Anne returns to the Scavengers' junk yard. She locates a hidden cache and recovers a radio with which she makes a call requesting a pickup by helicopter. The male voice on the other end asks if she has an "A" or a "B", but she has neither. The man tells her to be ready the next day but only if she has an "A". As the call ends, Anne sees that Gabriel had followed her there and overheard the call. Gabriel deduces that Anne had previously traded people to this unknown agent for supplies, and had planned to do that with both Rick and him earlier. Anne suggests that if he helps her, he could also possibly join them. Gabriel refuses and plans to tell Rick, but Anne stops him. She tells him she once thought of him as a "B", and knocks him out cold.

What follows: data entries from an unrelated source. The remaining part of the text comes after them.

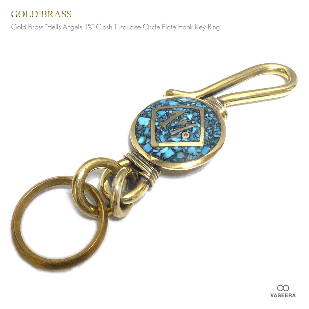 ゴールドブラス(真鍮) Hells Angels(ヘルズ・エンジェルス) 1%(ワンパーセント) クラッシュ・ターコイズインレイ仕...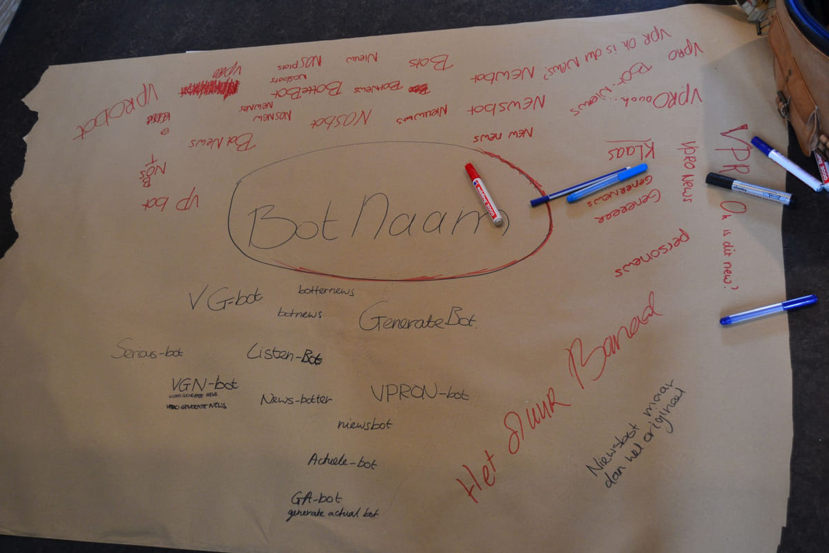 Zonder tijd te verdoen aan lange introducties, beginnen we op donderdagochtend met de klassieke brainstorm. Iedereen moet zo veel mogelijk ideeën voor bots op post-its schrijven en die op de muur van het Medialab plakken. Binnen no time is die gevuld met gekleurde papiertjes. Het aantal woordspelingen met ‘bot’ blijkt oneindig. Er zijn voorstellen voor Ben Bot, de botte bot en Berend Botje. Uiteindelijk groepeert projectleider Annelies Termeer de ideeën in verschillende categorieën en verdelen de hackers zich over de groepen. Nog geen uur na het openingswoord worden de laptops opengeklapt en kan het hacken beginnen.
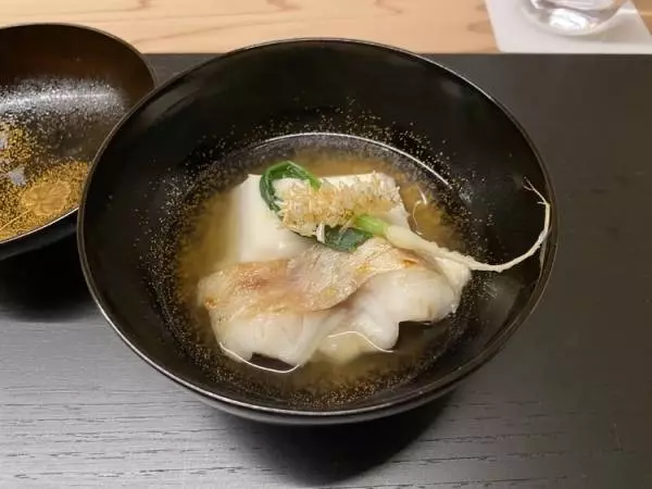 今回監修をつとめた【徳山鮓】のスペシャリテともいえる『鮒鮓』は、熊のコンソメをあしらったジュレと合わせていただきます。元来、滋賀県の郷土料理として有名ではあるものの、そのクセの強さから食べる人を選ぶこの料理、徳山氏が長年かけて改良し、食べやすいように洗練させてきた味が銀座の地で味わえることに感動を禁じ得ません。野性味あふれる熊のコンソメがまた負けない存在感。私自身、滋賀県に在住歴もあり『鮒鮓』が好物でもありますが、これは苦手意識のある人にも絶対食べて欲しいと思った逸品です。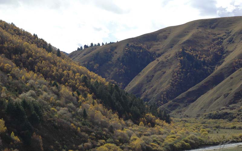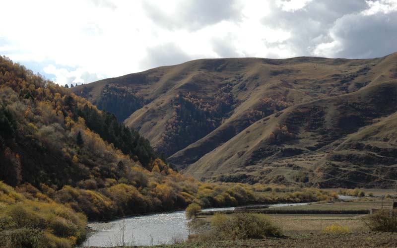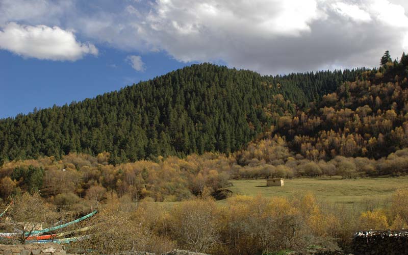 在这种自然深度里,让自己的灵魂和故乡神座相互融合,便能极尽所致的体味领略这遗落在亿万年间的秋韵了。于是用手摸用脚登用眼看用耳听用嘴尝用心体会用全身的血液和神经度量的也就是这故乡神座的秋了。可以伸开自己的五指来印在藏寨民居的墙壁上,红绿相间,雄奇崔嵬,这也许就是奔流于故乡父老乡亲们胸中的血性罢。可以迈开脚步,在与秋风的耳鬓厮磨里去登临村子对面的高山,一路登高,每上一层石阶,也便提升一种心境,此时可以把日常生活中的所有烦忧一股恼儿倾泻在这陡峭的秋里,只留下恬淡悠远在心间。可以张开乌黑的瞳孔去极力捕捉故乡神座的影子,看那层林尽染的壮美、秋日黄昏的辉煌、千仞绝壁的艰险。可以站在扎嘎沟的绝壁栈道上听林涛翻涌的澎湃、秋风低诉的呢喃、大雁南归的呼唤。其中,数这秋风最让人不舍,它总喜欢狂欢而来呼啸而去,环绕于身前左右,随着在身后让峭壁把那不带一丝烟火和尘埃的干净裁剪得更加有棱有角,铿然作声。也可以张开你干涩的口唇,顺手采摘一枚熟透的野果子,将其果肉放进嘴里,任香甜一直滑入你的心里,来滋润你久已干涸的心湖。
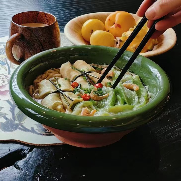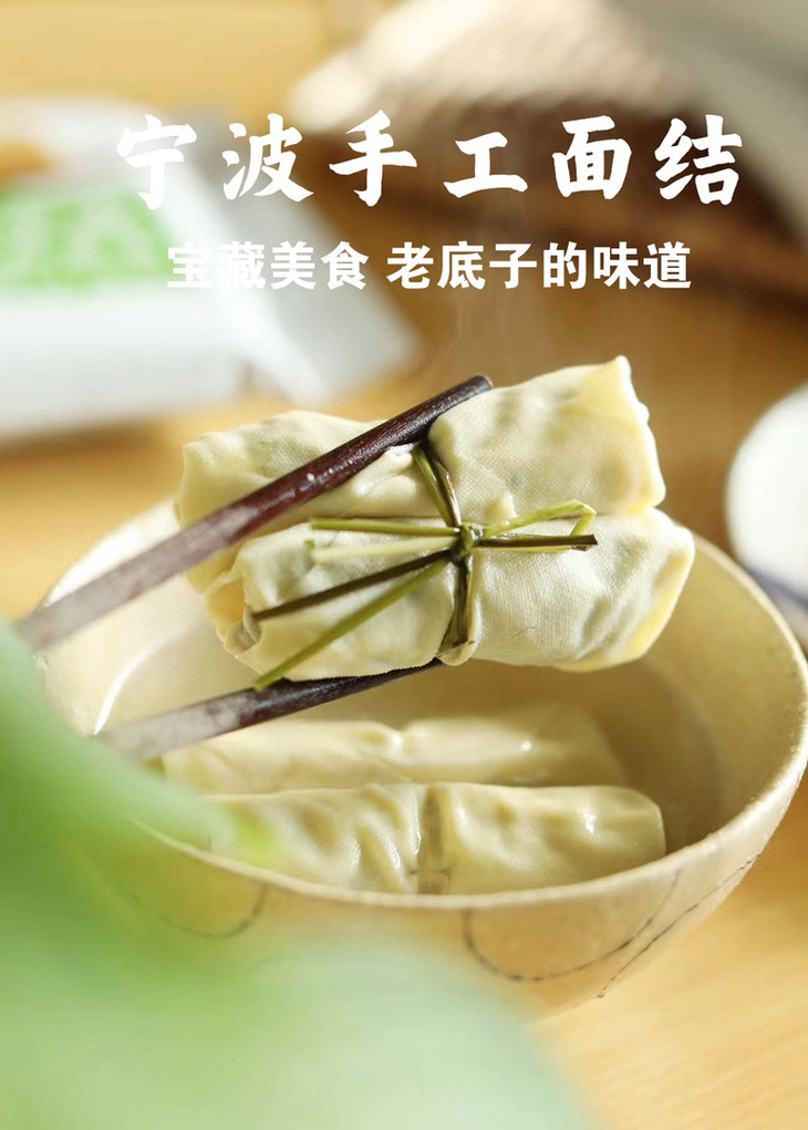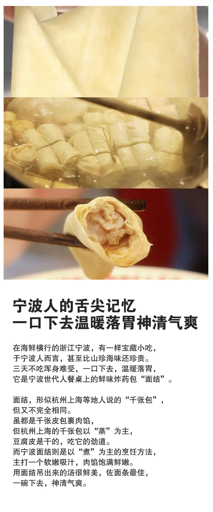 手工面结的原料十分讲究。东北精选黄豆制成的千张皮,就经过六道工序处理,确保其纤薄柔韧,每张皮还都需手工切割成方形,用纯净水泡发,以去除豆腥味,同时保留豆香气息,使得煮后的面结皮更加鲜嫩。而肉馅则是宁波面结的灵魂所在。,选用本地土壤肥沃、气候适宜的农家黑猪肉,精选猪前腿和里脊,按照3分肥7分瘦的黄金比例,手工剁馅、手工搅拌,不添加任何植物蛋白、鸡精等食品添加剂。包好后的面结,再用宁波的古林蔺草茎叶捆制,不仅能保证面结不散,吃起来还有蔺草独特的香气!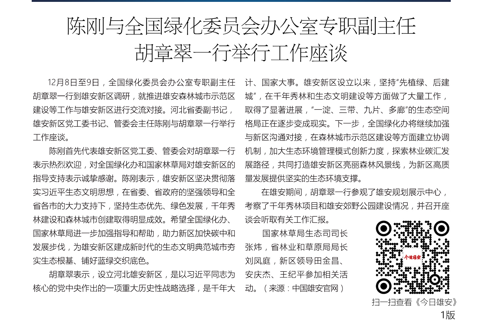 《今日雄安》 2020年12月9日 第385期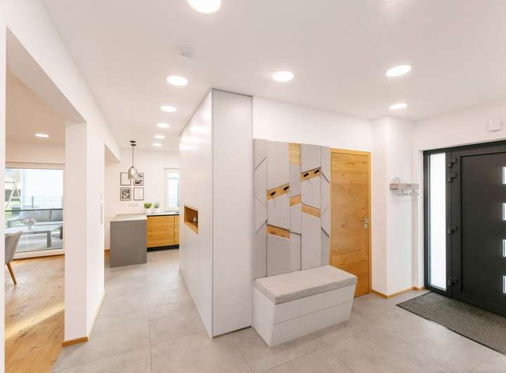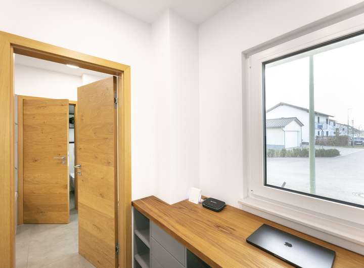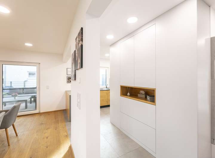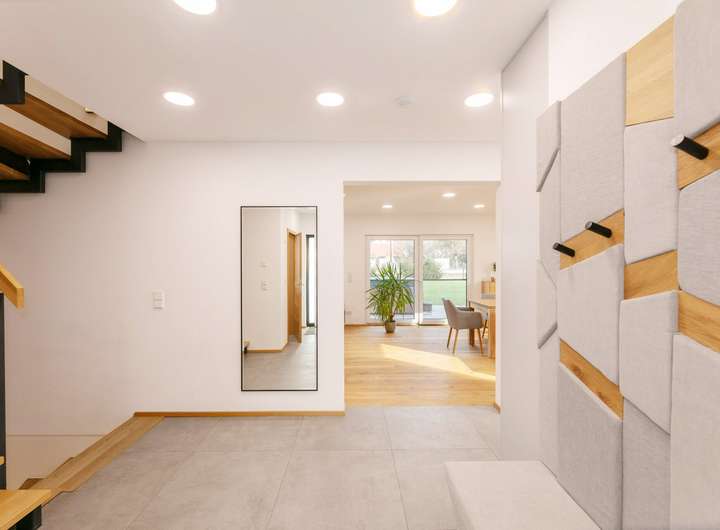 Dieses moderne Einfamilienhaus aus dem Baujahr 2017 präsentiert sich auf einem großzügigen Grundstück von 694 m² und bietet mit einer Wohnfläche von rund 138,27 m² ein stilvolles, hochwertiges Wohnambiente für die ganze Familie. Bereits der Eingangsbereich überzeugt durch eine moderne Gestaltung mit maßgefertigten Einbauschränken und einem klaren, zeitgemäßen Design. Auf dieser Ebene befinden sich zudem ein helles Arbeitszimmer sowie ein Gäste-Bad mit Dusche – ideal für Homeoffice oder Besucher.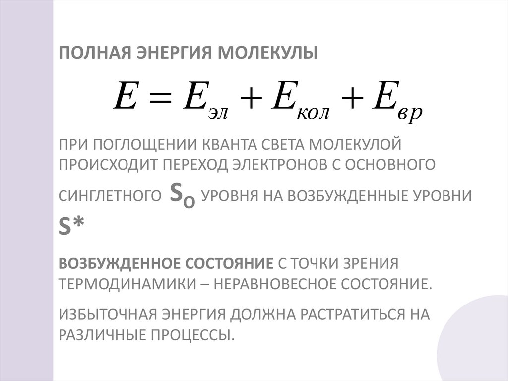 ПОЛНАЯ ЭНЕРГИЯ МОЛЕКУЛЫE Eэл Екол Евр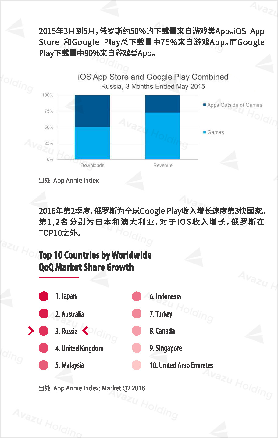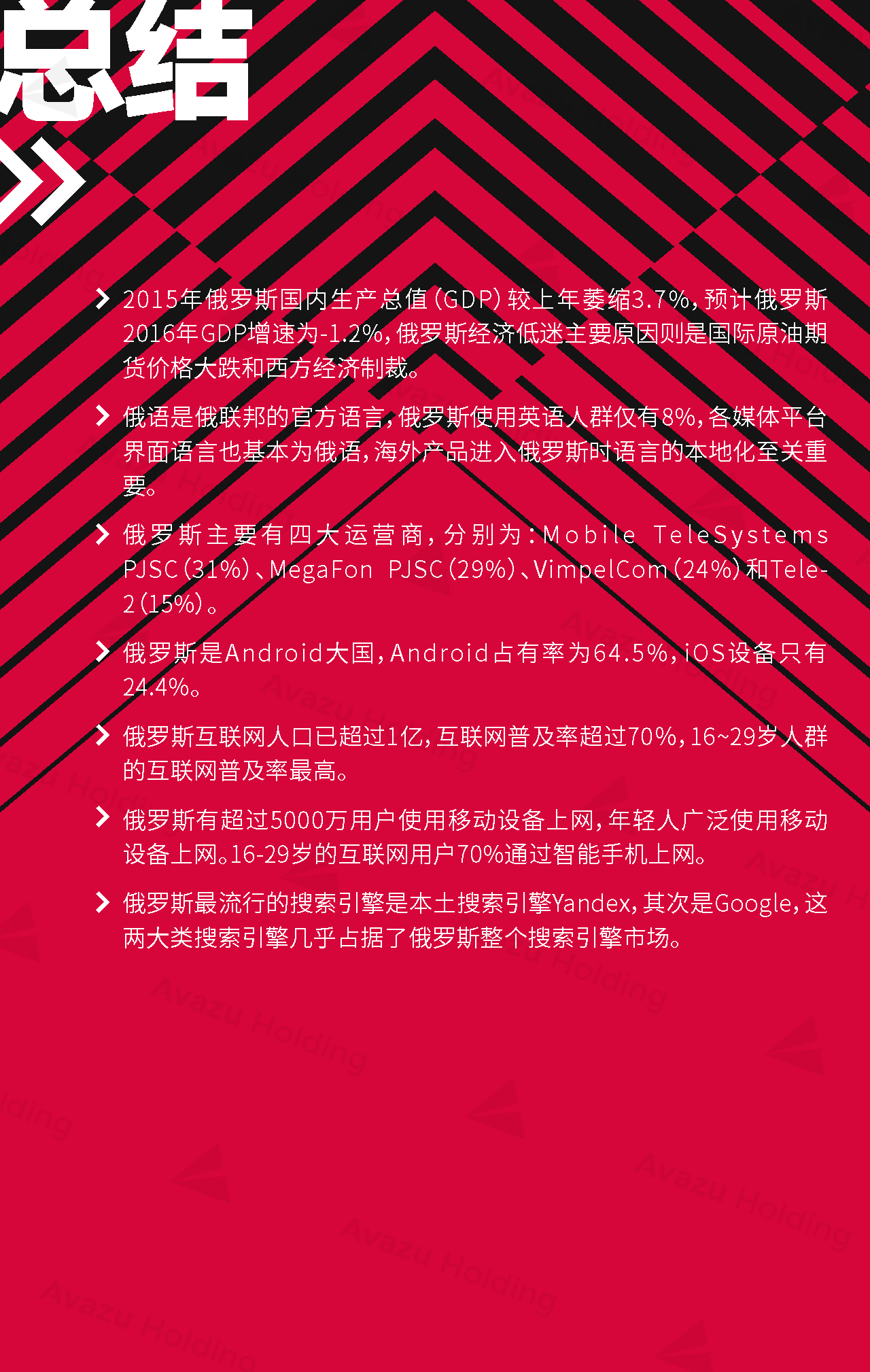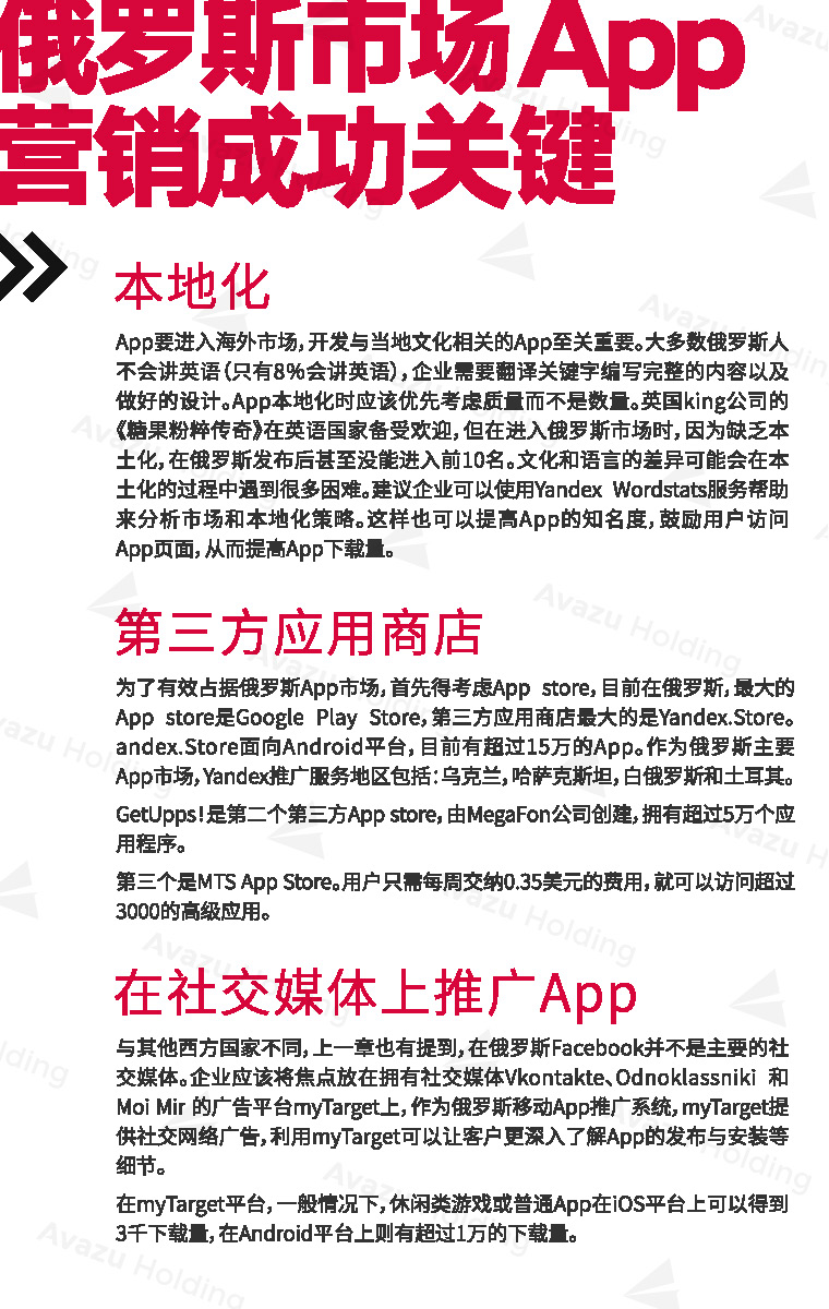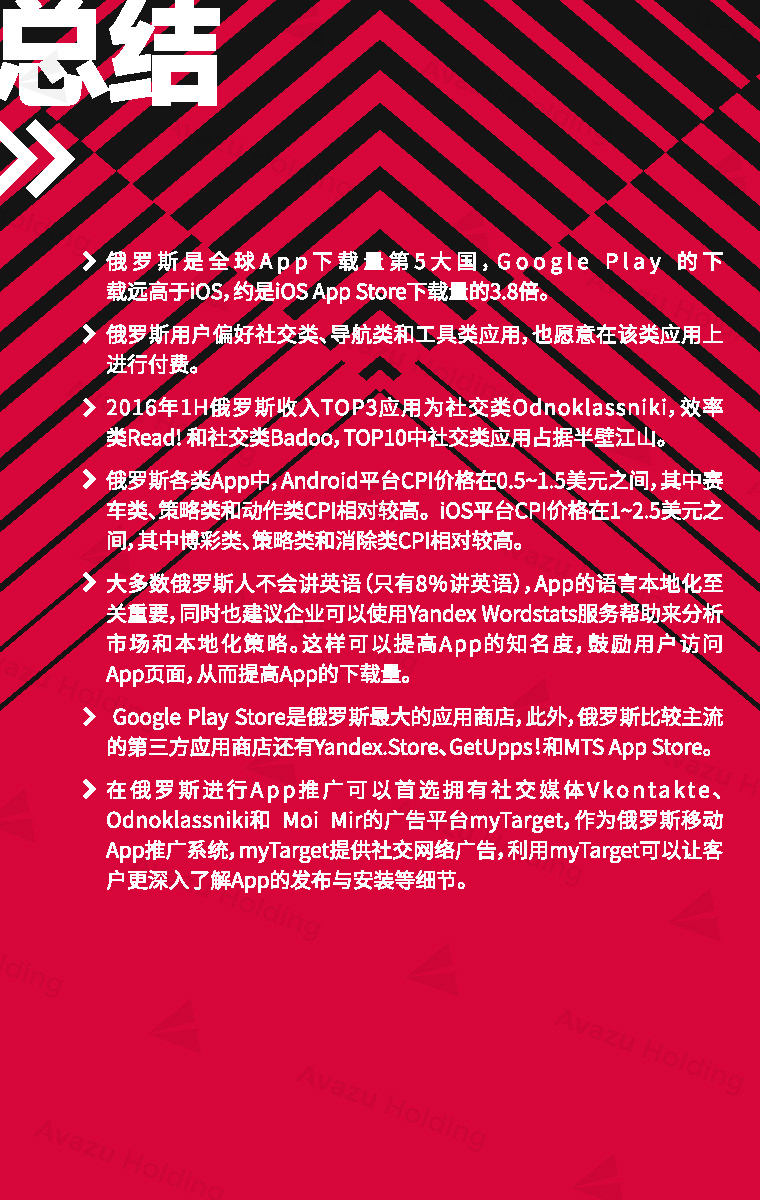 近期,技术驱动的跨国互联网控股集团Avazu Holding从行业环境、社交媒体、App市场、互联网广告、在线游戏(包括移动游戏)电商以及在线支付,七大方面,对俄罗斯的互联网产业进行了相关介绍和分析。

After Daryl and Maggie find a few walker bodies, one with a harpoon through it, they follow them back to a recover center building where several Oceanside members, including Cyndie and Beatrice, are holding Arat. Cyndie reveals they have been the ones behind some of the Savior deaths, getting back at those that had murdered their husbands, sons, and brothers. She justifies their actions by recalling Maggie's decision to hang Gregory, and explains that Arat was responsible for Cyndie's brother's death. Cyndie remembers what Arat had said in response to her begging for her brother's life: "No exceptions." After hearing this, Maggie and Daryl turn away, while Cyndie executes Arat.

The next day, the bulk of the Saviors leave the construction camp to return to the Sanctuary. Maggie and Daryl walk along a different path; Maggie tells Daryl they tried Rick's way, and it failed to work, so now they need to take another direction, and it is time to meet Negan.

==Development and production==
The cabin which Maggie and Cyndie clear out of walkers was arranged to be a homage to George A. Romero's Night of the Living Dead. The setting around the cabin includes a burnt-out gas pump and a pickup truck, the latter with the charred remains of a passenger, an Easter egg to events from the film.

Anne's "A" and "B" were elements that the production team had laid in before in earlier episodes in Season 8, where Rick, having been taken prisoner by Anne (Jadis at the time), kept him locked up in a storage container labeled "A".

This episode marks the departure of the recurring characters Arat (Elizabeth Ludlow) and Justin (Zach McGowan), due to their characters being killed by Beatrice (Briana Venskus). Elizabeth Ludlow first appeared in the seventh season episode "The Cell".

==Reception==
===Critical reception===
"Warning Signs" received critical acclaim from critics. On Rotten Tomatoes, the episode has an approval rating of 100% with an average score of 8.43 out of 10 based on 17 reviews. The critical consensus reads: '"Warning Signs" balances skillfully built suspense with rare moments of respite to create one of the best installments of The Walking Dead in years.'

===Ratings===
"Warning Signs" received a total viewership of 5.04 million with a 1.9 rating in adults aged 18–49. It was the highest-rated cable program of the night, and the episode marked a slight increase in viewership from the previous week, which had 4.95 million viewers.